Ford Tourneo proves its mettle as the UK’s best MPV
It would take a huge amount of ‘chutzpah’, admits Iain Robertson, to contemplate running a van-derived-car as a business vehicle but, for some people, this niche fits demands to perfection, if only more would realise it.
Judging by the number of VW Transporter vans doing the rounds at the moment, the concept of living with a commercial vehicle and personalising it with bigger alloy wheels, blackout glazing and some nifty graphics is very much ‘on the cards’. Of course, it could be that surfer fashion is partly responsible and the connection between those two brands is something that goes back to the earliest days of The Beach Boys and the ‘flower-power’ era.
However, another useful sliver of illumination has revealed that light vans are significantly easier to insure than small cars and for the terminal points-gatherer (from a never-ending round of speed camera detections), a slower, more ponderous option might become a useful transportation mainstay, for a certain period of time anyway.
Yet, there is another aspect that the more antipathetic individuals would never uncover. They would be unlikely to ever drive a van. Therefore, they would not discover how much fun can be derived from doing so. Apart from levying the incorrect gender for the noun, I gave a ‘Le Shed’ soubriquet to a Peugeot Partner Tepee Outdoor that I ran as a long-term test vehicle about four years ago. Therefore, I do have first-hand experience of living with a van-derived-car for the best part of a year.

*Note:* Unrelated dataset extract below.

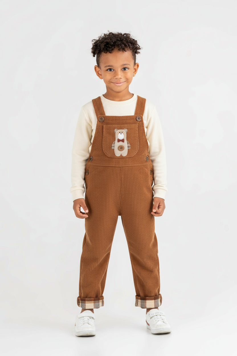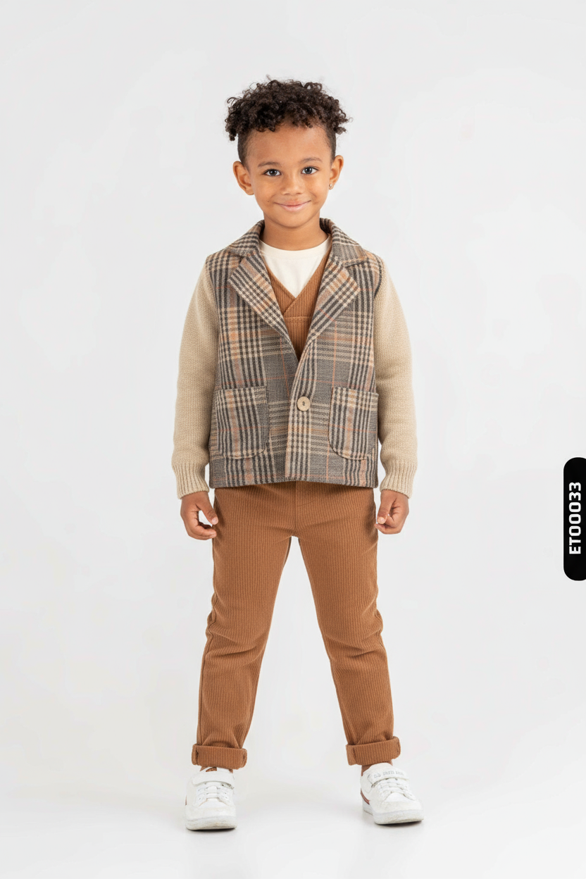 Bu erkek çocuk alt üst takımı, rahatlığı ve şıklığı bir arada sunuyor. Üst parça, kahverengi ve bej tonlarında, önü düğmeli ve cepli klasik bir tasarıma sahip. Kollarda ve arka bölümde düz bej renk hakimken, ön kısım kareli desenlerle hareketlendirilmiş. Pantolon ise kahverengi, fitilli kumaştan ve ayarlanabilir paçalarla dikkat çekiyor. Ön kısmında sevimli bir ayıcık figürü ile çocukların ilgisini çekecek detaylar bulunuyor. Takım, kış sezonu için uygun kalınlıkta ve uzun kollu olarak tasarlanmış, günlük kullanım için ideal bir seçimdir.

Initially, I railed against the vehicle but the truth was that I came to appreciate and even admire its various qualities, not the least of which was the enormous load bay behind the rear seats. Its useful ceiling-located storage bins, removable back seats, commanding driving position, great drivability and its excellent overall efficiency taught me a lesson in humility. I enjoyed its practicality on holidays, as well as its thorough dependability during the working week and I even missed it after it was returned to Peugeot GB.
To live with the Ford Tourneo, which is based extensively on the latest version of the Ford Transit Connect light van, is consummately easy. For a start, it is a more modern vehicle than the Pug, which is still in production by the way, although not for much longer. However, make no mistake, this vehicle is a Transit and it is, thus, a commercial vehicle, built as such and with heavy duty intentions in mind. Its suitability as a workaday people-mover (or MPV) is what is in question. Does the Ford make the transition (if you can pardon the pun) from van to car?
Well, I can tell you assuredly that it does. However, upon first acquaintance, you might believe otherwise. Okay, the non-commercial colour of the test vehicle (a high-gloss coppery bronze) kind of gives it away. However, colour is not everything. The interior trim is certainly grey and businesslike, consisting of hard, easy-to-wipe plastic surfaces, although all five seats are pleasingly trimmed and exceptionally comfortable.
The multi-adjustable driving position (height, rake and reach of both seat and steering column) is very car-like, although the deep windscreen, the base of which looks to be so far out of reach, you would need a very small child to clamber across the dashboard and work bony fingers into its darkest recesses to clean it, is initially off-putting. There is so much headroom that you feel as though you are driving a double-decker and height-restricted drivers are lost in its confines.
However, within minutes of setting off, the van seems to shrink around the driver and deliver the most car-like driving experience imaginable. I would venture to suggest that the Tourneo is as engagingly fun to drive as a Ford Focus, which happens to be one of the best driving cars of the moment. Although it might seem like a spurious claim, after all the Tourneo IS a van, I promise you that its ride quality is definitely not van-like and even without a half-tonne load in the back, it remains compliant and comfortable, only reacting suddenly, with solid rear axle expectations, over speed humps and the worst transverse ridges in the road surface.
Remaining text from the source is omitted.